SimonJT · 21/07/2019 15:23

@elision my sister runs a support group for people who have had their children removed, she has even featured in national papers as a hero for ‘forgotten’ parents who have ‘wrongly’ had their children removed.

She fails to mention that her children were regularly beaten, used as an ashtray, emotionally neglected and malnourished. As a 13 month old child my son had had six broken ribs and a broken leg, he is covered in scars from having fags put out on him. He has missing teeth from beatings. He got off very lightly compared to her two older children.

hashtagthathappened · 21/07/2019 15:29

I don’t doubt - actually I know - there are cases where children are removed from birth parents where this probably shouldn’t have been the case.

However the USA and the UK differ vastly in how adoption works.

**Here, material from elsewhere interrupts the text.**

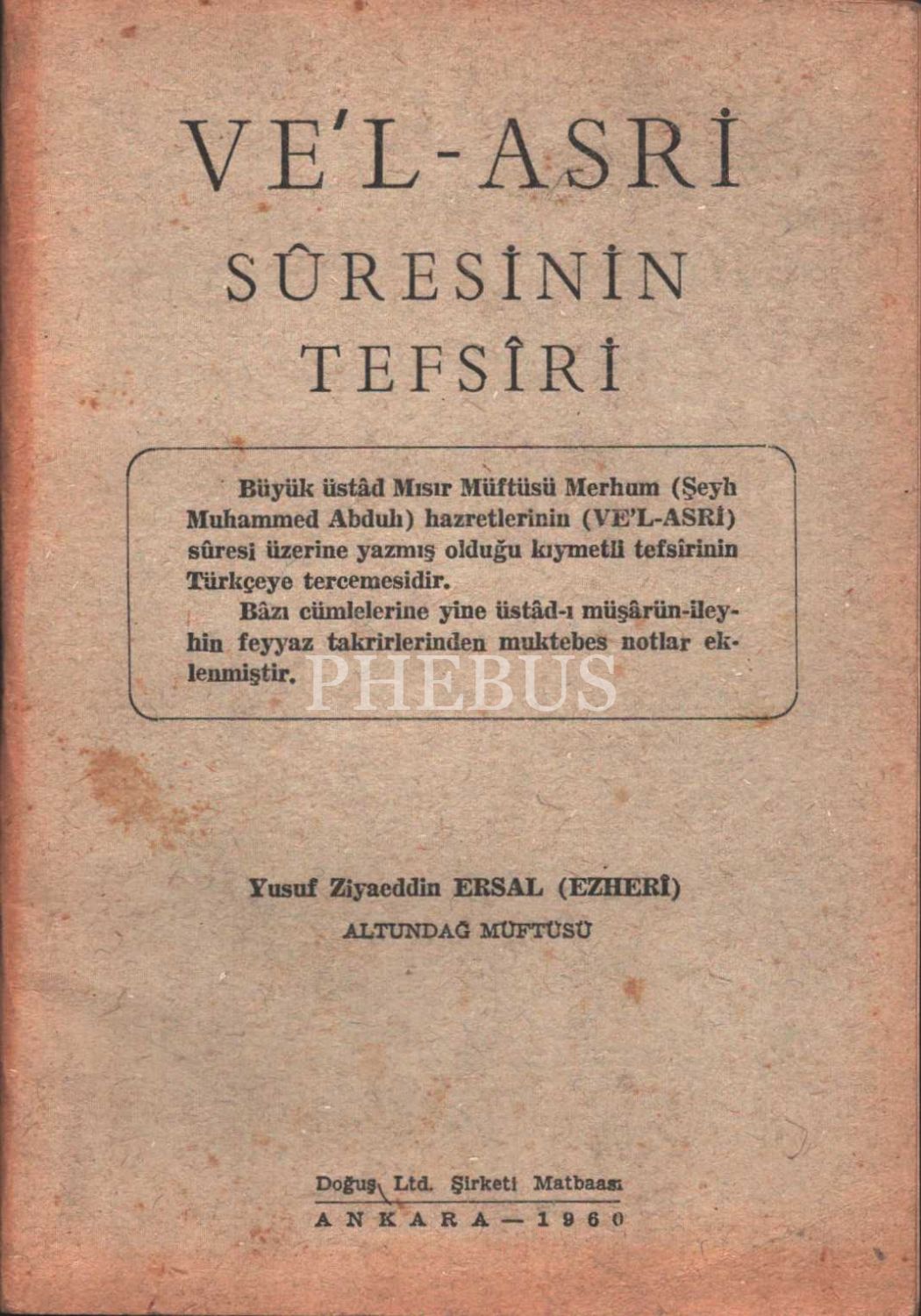 VE´L-ASRİ SÛRESİNİN TEFSİRİ, Yusuf Ziyaeddin Ersal, Doğuş Ltd. Şti. Matbaası, 1960, 63 sayfa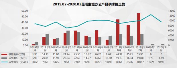 截止到2020年2月29日,昆明市土地交易中心和昆明市國(guó)土資源公示已成交商住辦土地共2宗,成交土地面積10.16萬(wàn)平米,成 交金額3.85億元,平均地價(jià)252.64萬(wàn)元/畝。

TheJellyBabyMadeMeDoIt · 21/07/2019 15:31

SimonJT Well said.

Each case should be taken on its own merit. But from the little bit I've seen as we wait to welcome our new addition, they don't get removed from their birth parents care because the birth parents are misunderstood. They largely get removed due to neglect or abuse. Both cases leaves me with the desire to sympathise with the child and not the birth parents.

International adoption is not relevant to this thread as we are talking about experience of adopting within the UK.

Elision · 21/07/2019 15:31

Ffs, everyone was listing reasons why adoption isn’t that easy and isn’t always the answer and I just added more reasons- SOME children available for adoption SHOULDN’T be and their birth parents have been wronged by the lack of a social safety net, and even children who SHOULD be and must be adopted leave tragic stories behind. Even if their parents were abusive, there are grandparents, siblings, etc. who are left behind. It’s almost always fucking tragic and difficult and not everyone is able to handle the fallout. How on earth these are controversial additions to the list of reasons why adoption isn’t always the answer is beyond me.